Delhi HC to the aid of taxpayer

The Delhi High Court in a recent ruling in a Public Interest Litigation (PIL) filed by a Chartered Accountant directed the tax authority to redress taxpayers’ grievances on non-grant of credit for tax deducted at source (TDS). The key highlights of the directions include: Tax authorities should expeditiously dispose rectification applications and maintain a register, which should be uploaded online to help track the status of applications;

No demand should be enforced where prior intimations are not served on taxpayers;

Interest should be paid to taxpayers for erroneous adjustment of refund;

In case of mismatch in TDS claimed by the taxpayer and the TDS uploaded by deductors, where taxpayers are able to establish their claim with necessary proof, tax authorities should compel the deductors to upload the correct particulars.

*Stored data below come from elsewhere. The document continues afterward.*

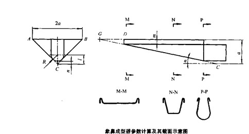 象鼻成型器的制造一般采用不銹鋼薄板,要求外表面光滑乎整。其三角部分和圓弧槽部分可用整塊板料卷曲而成,因?yàn)樗鼈兊恼归_寬度是相等的。下圖所示是象鼻成型器結(jié)構(gòu)及展開圖,沿虛線卷折即可制得成型器,圖中參數(shù)可通過計(jì)算加以選擇。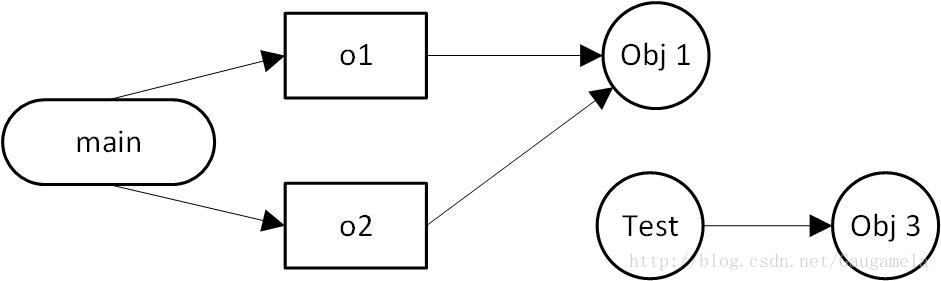 程序運行到注釋行時,對應的GC有向圖大致如下: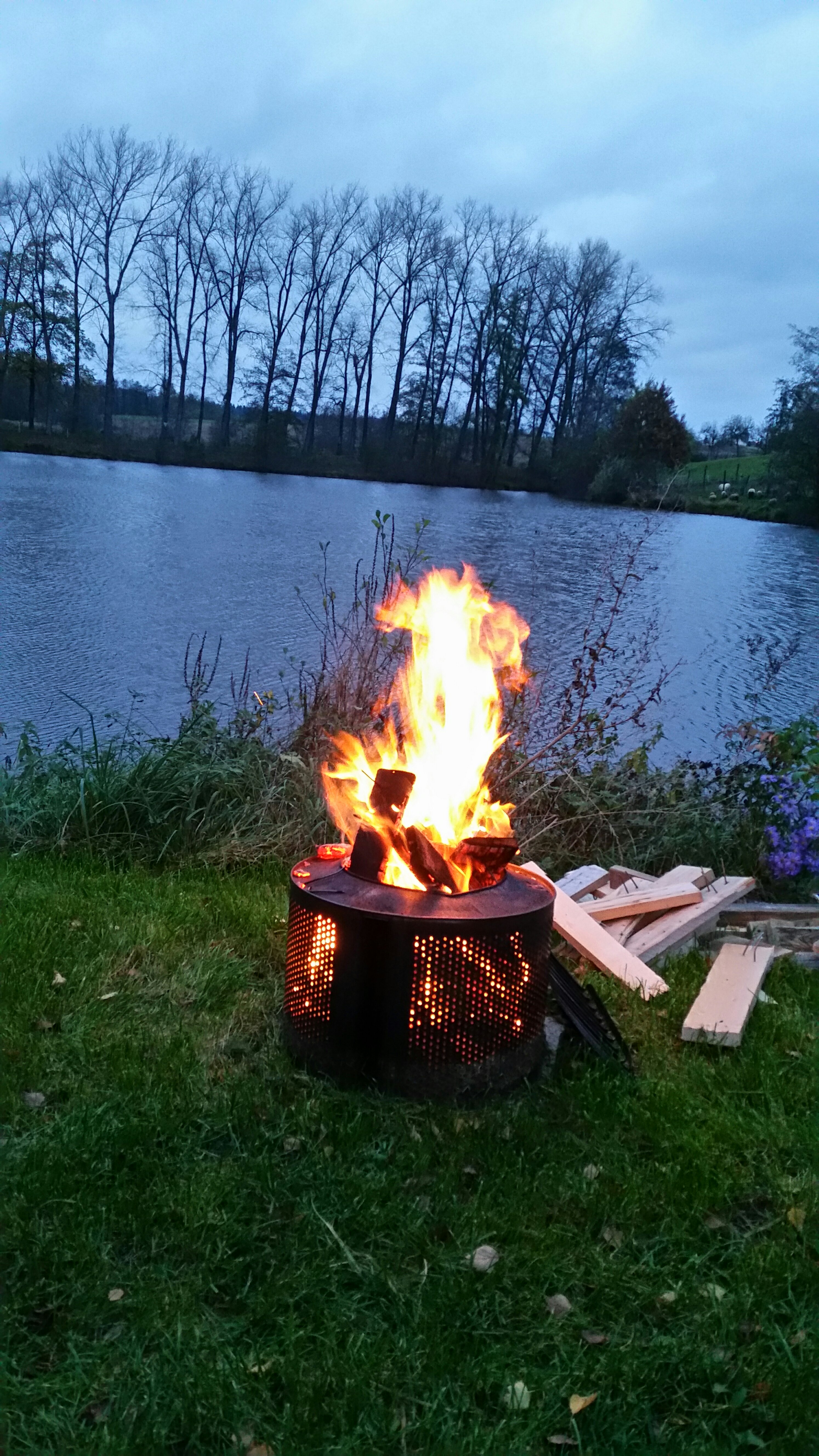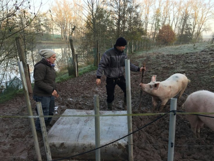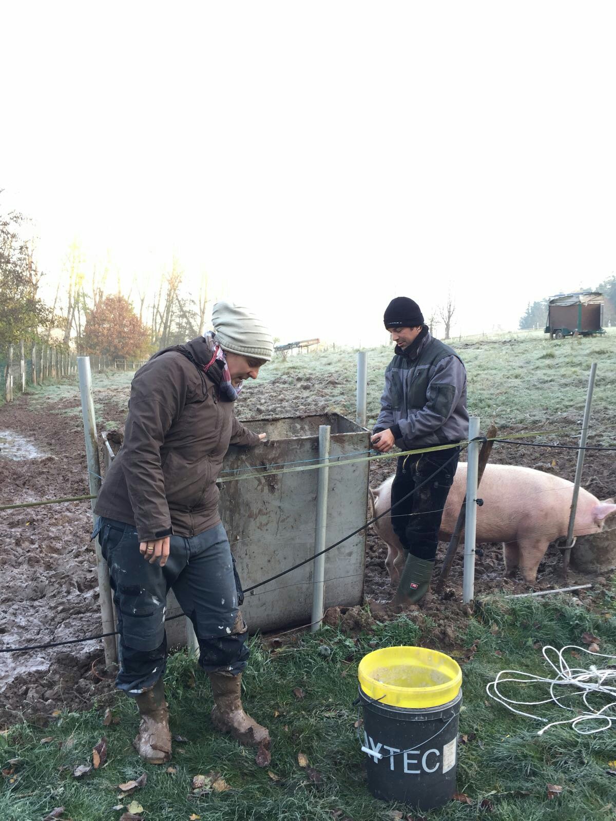 Das Beste hab ich für den Schluss aufgehoben…Heute morgen haben wir gesehen, dass der Schweinetrog umgefallen ist. Phil und ich sind also ins Gehege gestiegen…

Recovery during pendency of a stay

The Bombay High Court in a recent decision in the Society of the Franciscan (Hospitaller) Sisters case held that recovery proceedings initiated by the income-tax department by attaching the bank account of the assessee during pendency of the stay application and without prior notice was coercive and not justified. The Court held that the whole object of serving a notice on the assessee was to enable the assessee to have some recourse. It held that the appellate authorities must set time schedules for disposal of stay applications within a reasonable period. It also commented that in exceptional cases where there is apprehension that the monies would be spirited away, prior notice need not be served on the assessee. The Court directed the department to refund to the assessee a part of the amount collected.